▸ **PROMPT**
Below are some records. Retype exactly the lines from the one containing "Also, price pressures" through the one containing "在这个地图中,首先在左侧可以", both included, skipping every picture.
++++ EXERCISE INPUTS ++++
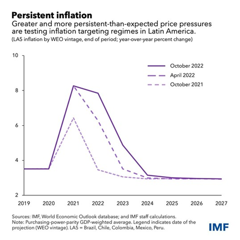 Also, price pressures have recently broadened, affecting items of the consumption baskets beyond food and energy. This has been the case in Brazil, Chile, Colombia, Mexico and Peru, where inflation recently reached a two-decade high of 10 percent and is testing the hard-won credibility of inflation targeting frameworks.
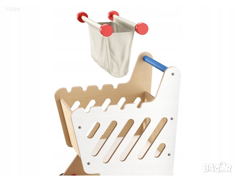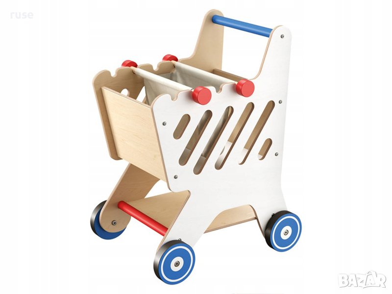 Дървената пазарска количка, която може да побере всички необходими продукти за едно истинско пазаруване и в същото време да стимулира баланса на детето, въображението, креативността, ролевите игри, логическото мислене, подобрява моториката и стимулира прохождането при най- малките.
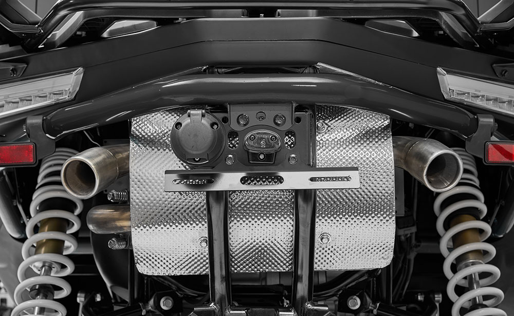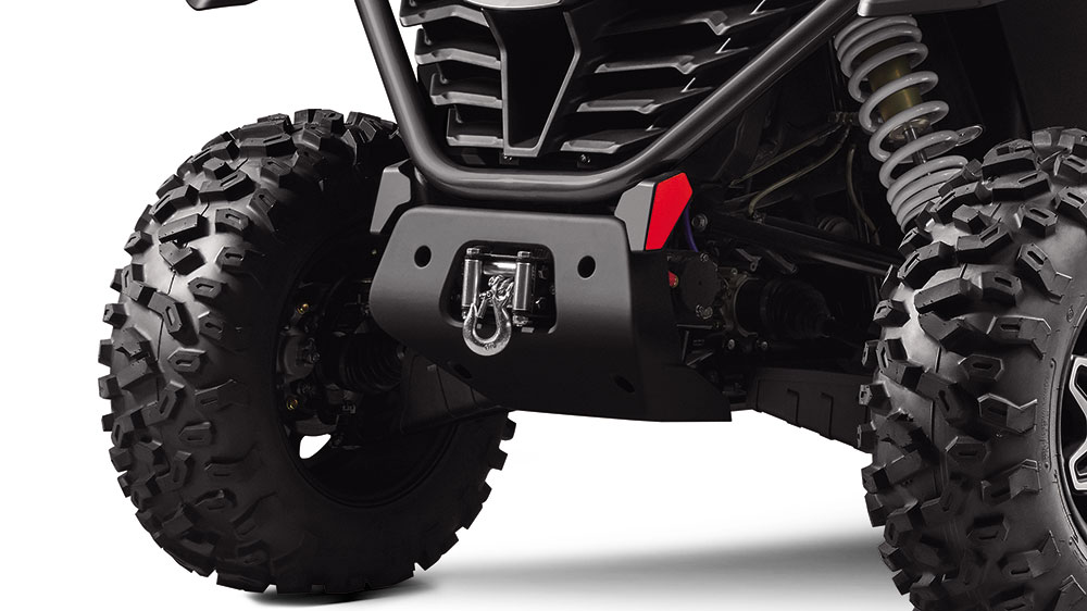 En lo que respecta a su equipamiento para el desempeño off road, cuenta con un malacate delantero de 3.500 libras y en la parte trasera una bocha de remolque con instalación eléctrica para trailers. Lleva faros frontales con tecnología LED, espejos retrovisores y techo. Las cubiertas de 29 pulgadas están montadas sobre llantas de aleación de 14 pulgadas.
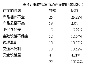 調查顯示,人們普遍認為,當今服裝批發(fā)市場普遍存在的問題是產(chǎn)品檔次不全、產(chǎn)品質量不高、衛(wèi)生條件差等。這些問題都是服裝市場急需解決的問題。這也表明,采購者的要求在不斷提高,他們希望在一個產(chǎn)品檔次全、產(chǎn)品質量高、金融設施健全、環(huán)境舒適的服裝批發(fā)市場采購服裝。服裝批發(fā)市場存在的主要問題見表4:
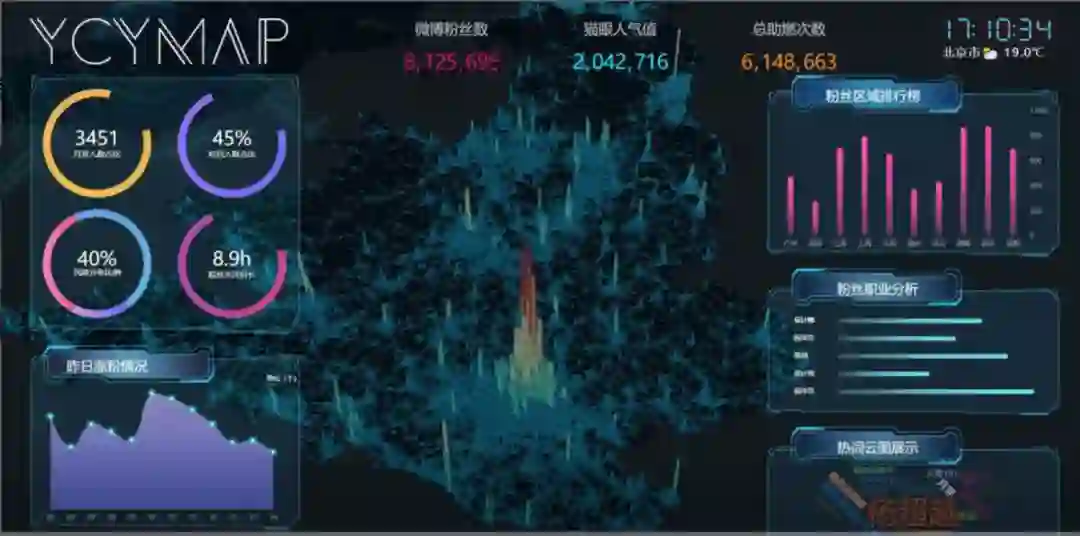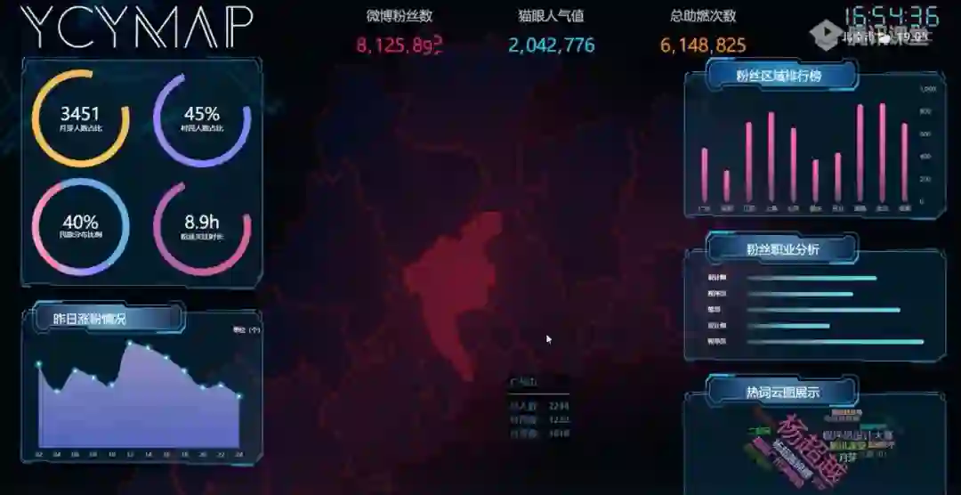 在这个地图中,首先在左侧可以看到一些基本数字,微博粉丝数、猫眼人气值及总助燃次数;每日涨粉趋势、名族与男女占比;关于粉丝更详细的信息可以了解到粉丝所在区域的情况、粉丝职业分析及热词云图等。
++++
++++ EXERCISE INPUTS ++++
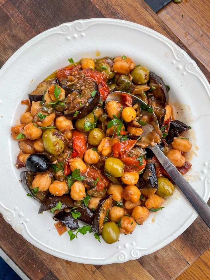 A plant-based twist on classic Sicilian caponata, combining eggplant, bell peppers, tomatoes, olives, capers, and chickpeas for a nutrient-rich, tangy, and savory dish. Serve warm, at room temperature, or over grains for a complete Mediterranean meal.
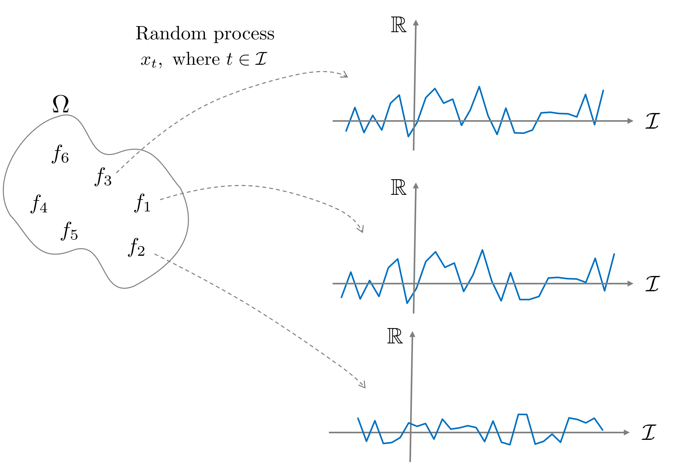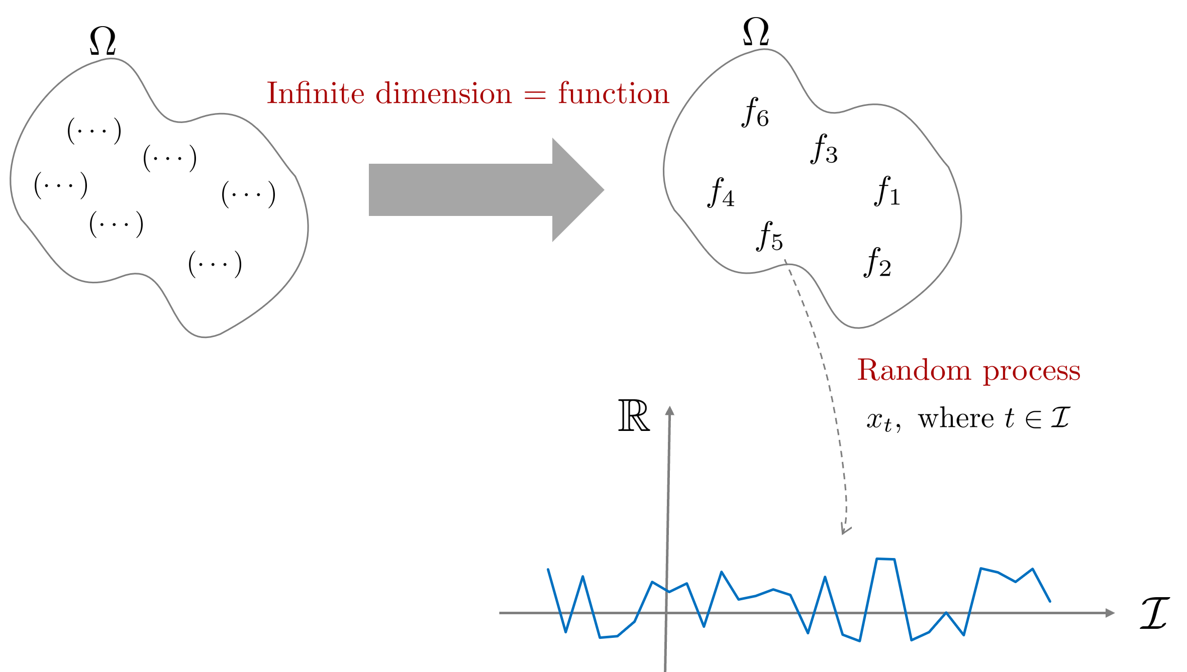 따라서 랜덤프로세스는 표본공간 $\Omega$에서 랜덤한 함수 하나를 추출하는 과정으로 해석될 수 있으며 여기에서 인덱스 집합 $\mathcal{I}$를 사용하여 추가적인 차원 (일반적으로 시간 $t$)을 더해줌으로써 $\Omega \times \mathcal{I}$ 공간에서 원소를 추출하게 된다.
++++
++++ EXERCISE INPUTS ++++
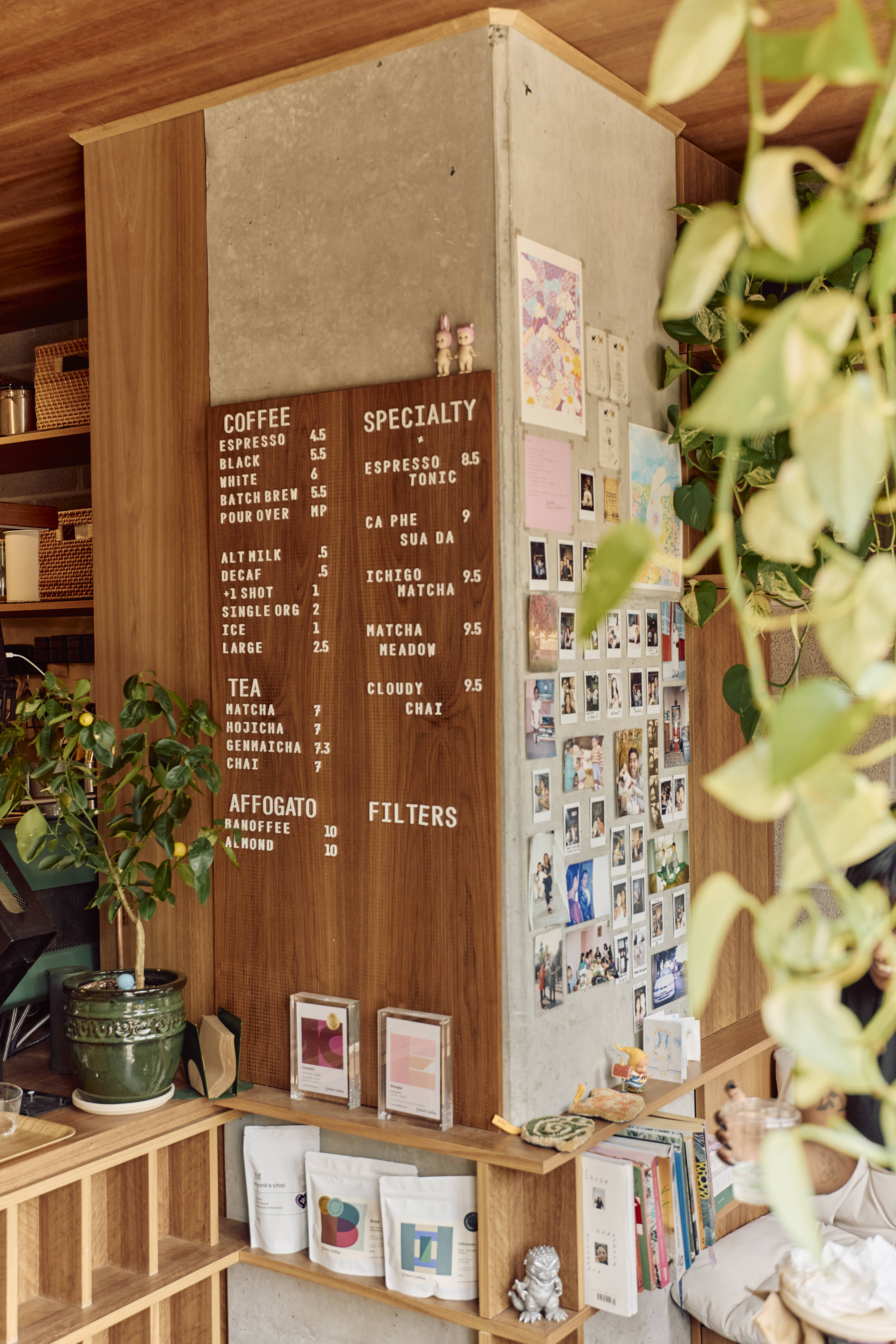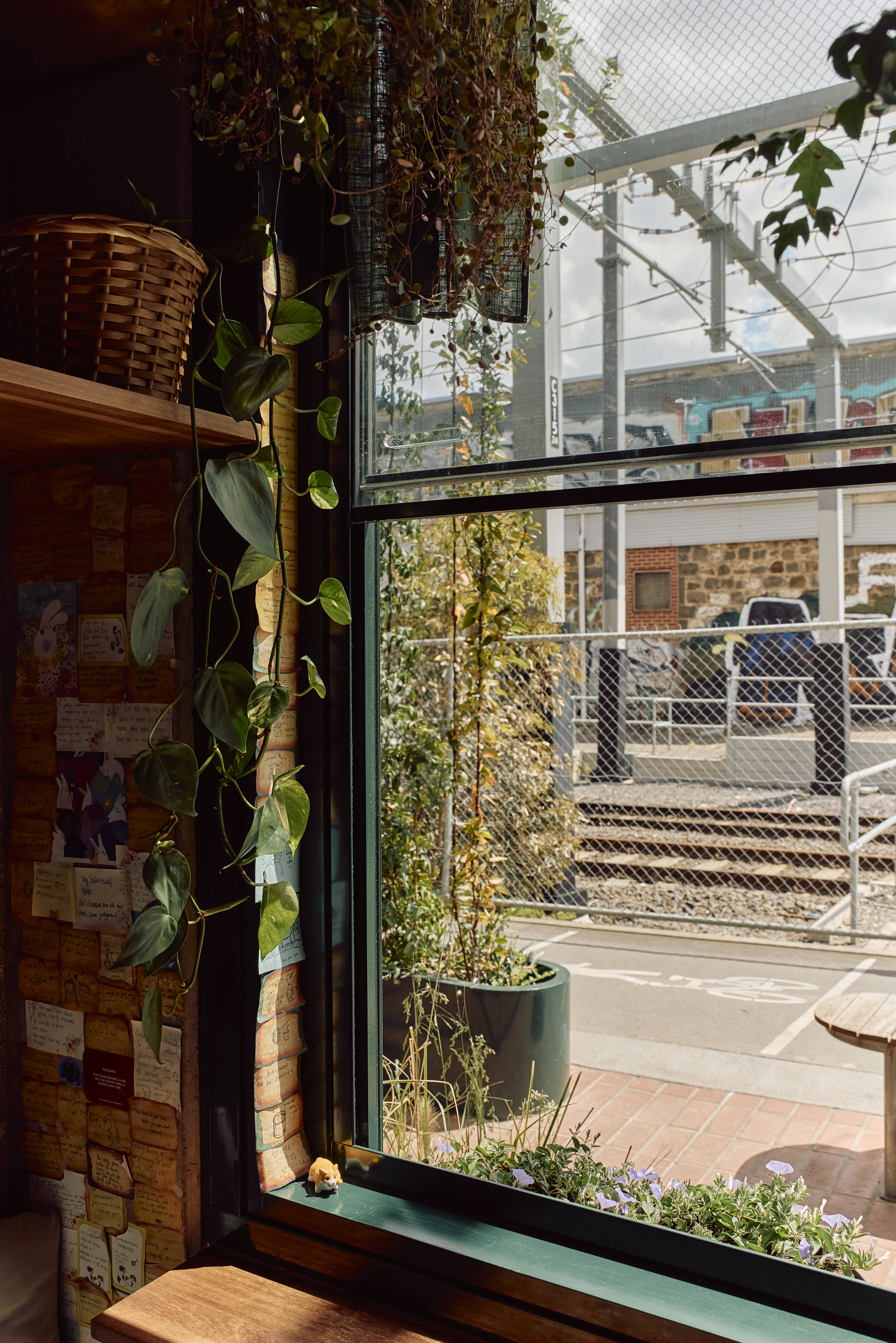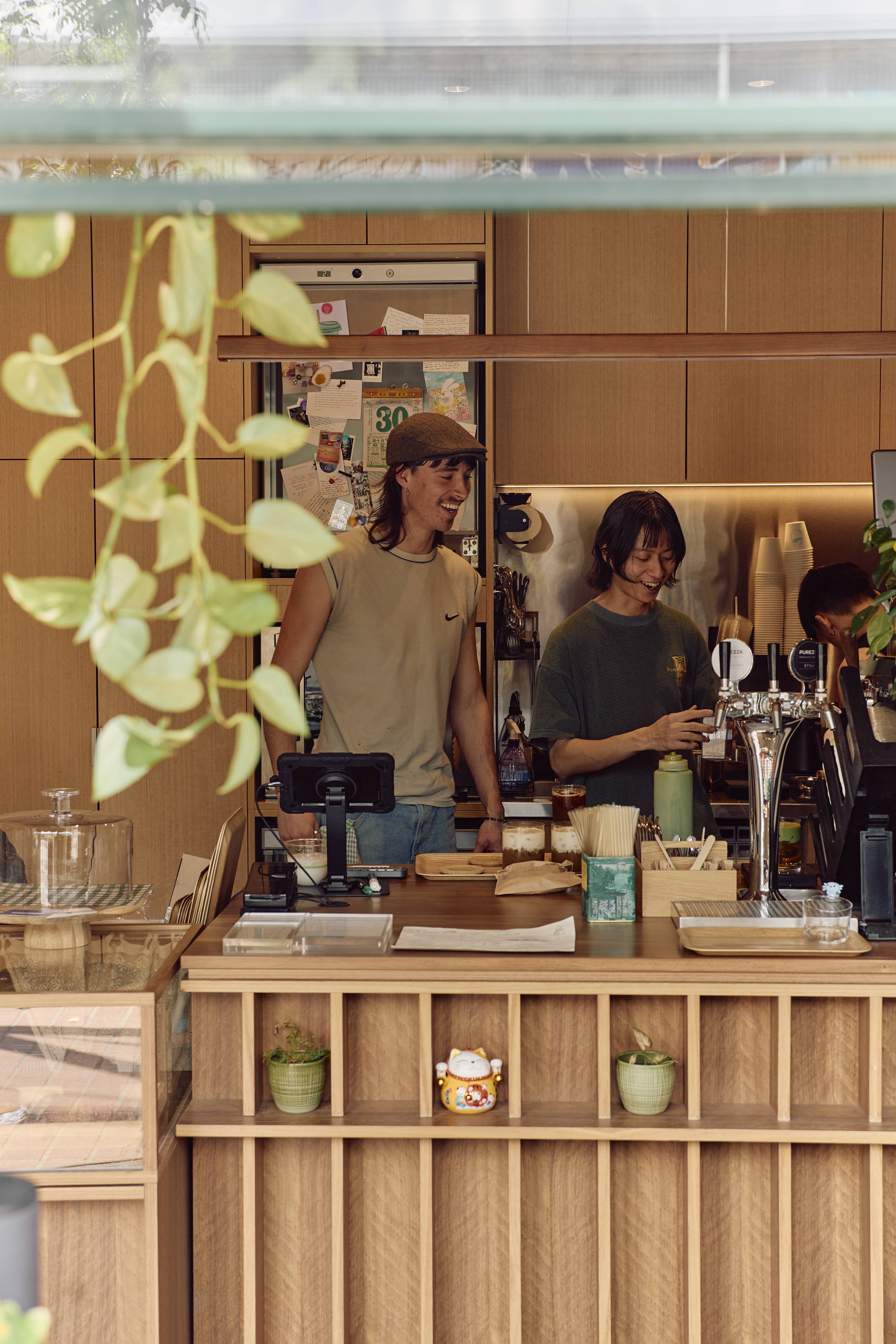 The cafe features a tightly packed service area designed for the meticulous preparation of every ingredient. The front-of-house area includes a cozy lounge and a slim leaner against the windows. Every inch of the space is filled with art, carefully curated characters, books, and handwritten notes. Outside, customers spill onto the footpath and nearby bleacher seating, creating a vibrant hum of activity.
++++
▸ **REPLY**
 Also, price pressures have recently broadened, affecting items of the consumption baskets beyond food and energy. This has been the case in Brazil, Chile, Colombia, Mexico and Peru, where inflation recently reached a two-decade high of 10 percent and is testing the hard-won credibility of inflation targeting frameworks.
 Дървената пазарска количка, която може да побере всички необходими продукти за едно истинско пазаруване и в същото време да стимулира баланса на детето, въображението, креативността, ролевите игри, логическото мислене, подобрява моториката и стимулира прохождането при най- малките.
 En lo que respecta a su equipamiento para el desempeño off road, cuenta con un malacate delantero de 3.500 libras y en la parte trasera una bocha de remolque con instalación eléctrica para trailers. Lleva faros frontales con tecnología LED, espejos retrovisores y techo. Las cubiertas de 29 pulgadas están montadas sobre llantas de aleación de 14 pulgadas.
 調查顯示,人們普遍認為,當今服裝批發(fā)市場普遍存在的問題是產(chǎn)品檔次不全、產(chǎn)品質量不高、衛(wèi)生條件差等。這些問題都是服裝市場急需解決的問題。這也表明,采購者的要求在不斷提高,他們希望在一個產(chǎn)品檔次全、產(chǎn)品質量高、金融設施健全、環(huán)境舒適的服裝批發(fā)市場采購服裝。服裝批發(fā)市場存在的主要問題見表4:
 在这个地图中,首先在左侧可以看到一些基本数字,微博粉丝数、猫眼人气值及总助燃次数;每日涨粉趋势、名族与男女占比;关于粉丝更详细的信息可以了解到粉丝所在区域的情况、粉丝职业分析及热词云图等。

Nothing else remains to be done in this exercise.